Zhongshan Hospital affiliated to Fudan University, Shanghai, China.
Viet-Duc Hospital, Hanoi, Viet Nam.
Int J Antimicrob Agents. 2017 May;49(5):579-588. doi: 10.1016/j.ijantimicag.2017.01.010. Epub 2017 Mar 29.

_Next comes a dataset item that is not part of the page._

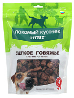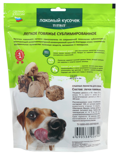 Кусочки говяжьего легкого приготовлены по современной технологии сублимации с последущей низкотемпературной конвекционной сушкой, благодаря этому сохраняется максимальное количество полезных веществ, витаминов и минералов. Легкие очень вкусны, малокалорийны и хорошо усваиваются организмом, содержат практически такой же набор витаминов, как и мясо, при этом гораздо менее жирные. Оказывают положительное воздействие на состояние кожи, шерсти и общий обмен веществ. Кусочки очень удобно использовать в качестве поощрения при дрессуре, и просто на прогулках. Подходят для собак всех пород и возрастов. Особенно рекомендуется для собак с неполной зубной формулой и возрастными изменениями зубочелюстного аппарата. Благодаря вкусовым качествам и воздушной структуре является одним из самых любимых лакомств для наших четвероногих друзей.

Ceftazidime/avibactam comprises the broad-spectrum cephalosporin ceftazidime and the non-β-lactam β-lactamase inhibitor avibactam. This phase 3, randomised, double-blind study (NCT01726023) assessed the efficacy and safety of ceftazidime/avibactam plus metronidazole compared with meropenem in patients with complicated intra-abdominal infection (cIAI) in Asian countries. Subjects aged 18-90 years and hospitalised with cIAI requiring surgical intervention were randomised 1:1 to receive every 8 h either: ceftazidime/avibactam (2000/500 mg, 2-h infusion) followed by metronidazole (500 mg, 60-min infusion); or meropenem (1000 mg, 30-min infusion). Non-inferiority of ceftazidime/avibactam plus metronidazole to meropenem was concluded if the lower limit of the 95% confidence interval (CI) for the between-group difference in clinical cure rate was greater than -12.5% at the test-of-cure (TOC) visit (28-35 days after randomisation) in the clinically evaluable (CE) population. Safety was also evaluated. Of 441 subjects randomised, 432 received at least one dose of study medication (ceftazidime/avibactam plus metronidazole, n = 215; meropenem, n = 217). In the CE population at the TOC visit, non-inferiority of ceftazidime/avibactam plus metronidazole to meropenem was demonstrated, with clinical cure reported for 93.8% (166/177) and 94.0% (173/184) of subjects, respectively (between-group difference, -0.2, 95% CI -5.53 to 4.97). The clinical cure rate with ceftazidime/avibactam plus metronidazole was comparable in subjects with ceftazidime-non-susceptible and ceftazidime-susceptible isolates (95.7% vs. 92.1%, respectively). Adverse events were similar between the study groups. Ceftazidime/avibactam plus metronidazole was non-inferior to meropenem in the treatment of cIAIs in Asian populations and was effective against ceftazidime-non-susceptible pathogens. No new safety concerns were identified.
头孢他啶/阿维巴坦由广谱头孢菌素头孢他啶和非β-内酰胺β-内酰胺酶抑制剂阿维巴坦组成。这项 3 期、随机、双盲研究(NCT01726023)评估了头孢他啶/阿维巴坦联合甲硝唑与美罗培南治疗亚洲国家复杂性腹腔内感染(cIAI)患者的疗效和安全性。年龄在 18-90 岁之间、因 cIAI 需要手术干预而住院的患者按 1:1 随机接受每 8 小时一次的治疗:头孢他啶/阿维巴坦(2000/500mg,2 小时输注),随后给予甲硝唑(500mg,60 分钟输注);或美罗培南(1000mg,30 分钟输注)。如果临床治愈率的组间差异的 95%置信区间(CI)下限在治疗结束时(随机后 28-35 天)在可临床评估(CE)人群中大于-12.5%,则可得出头孢他啶/阿维巴坦联合甲硝唑不劣于美罗培南的结论。还评估了安全性。在 441 名随机患者中,432 名至少接受了一剂研究药物(头孢他啶/阿维巴坦联合甲硝唑,n=215;美罗培南,n=217)。在治疗结束时的可临床评估人群中,头孢他啶/阿维巴坦联合甲硝唑与美罗培南相比显示出非劣效性,分别有 93.8%(166/177)和 94.0%(173/184)的患者报告了临床治愈(组间差异,-0.2,95%CI-5.53 至 4.97)。头孢他啶/阿维巴坦联合甲硝唑治疗头孢他啶不敏感和头孢他啶敏感分离株的临床治愈率相似(分别为 95.7%和 92.1%)。两组的不良事件相似。头孢他啶/阿维巴坦联合甲硝唑在亚洲人群中治疗复杂性腹腔内感染不劣于美罗培南,对头孢他啶不敏感的病原体有效。未发现新的安全性问题。